Fundacja „klimatyczna” Stiftung Klimaschutz odcina się od projektu gazociągu Nord Stream 2 objętego sankcjami USA i zamrożonego decyzją rządu Niemiec.
Fundacja ta posłużyła Rosjanom do ominięcia sankcji USA, które funkcjonowały latem 2021 roku i pozwoliła dokończyć budowę. Teraz jej prezes, były premier Meklemburgii-Pomorza Przedniego sprzyjającego Rosji Erwin Sellering zapowiedział, że fundacja nie będzie dłużej popierać Nord Stream 2.
Tymczasem organizacje pozarządowe w Niemczech domagają się zbadania powiązań tej fundacji z Kremlem. Wśród tych organizacji są Transparency Germany oraz Deutsche Umwelthilfe.

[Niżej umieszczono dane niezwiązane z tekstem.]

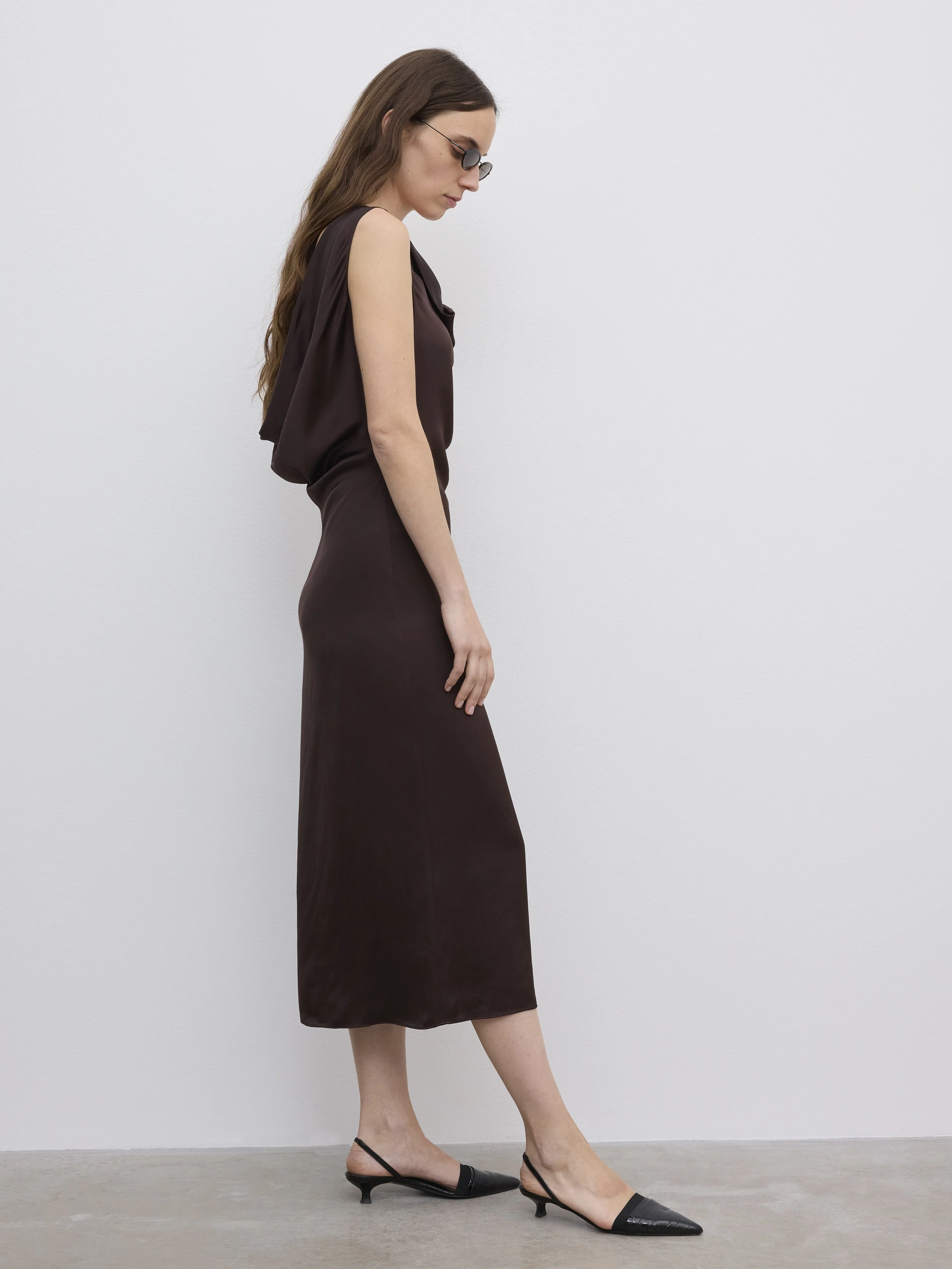 Mid-length dress in a silky Italian viscose framed by a waterfall neckline to the front and back. Body-skimming with a slight nip at the waist for a feminine silhouette. FIT & SIZING Model is 176 cm / 5'7" and is wearing a size 36, UK 8, US 4. MATERIAL 100% Viscose GARMENT CARE Handwash cold GARMENT ORIGIN Produced in Portugal

USA wprowadziły nowe sankcje wobec Nord Stream 2 uderzające w spółkę Nord Stream 2 AG, która była operatorem tego gazociągu, ale przekazała swe uprawnienia Gas for Europe, spółce zarejestrowanej w Niemczech, aby wypełnić wymogi certyfikacji niezbędnej do rozpoczęcia dostaw. Ta procedura została jednak zamrożona przez rząd niemiecki w odpowiedzi na agresję rosyjską na Ukrainie.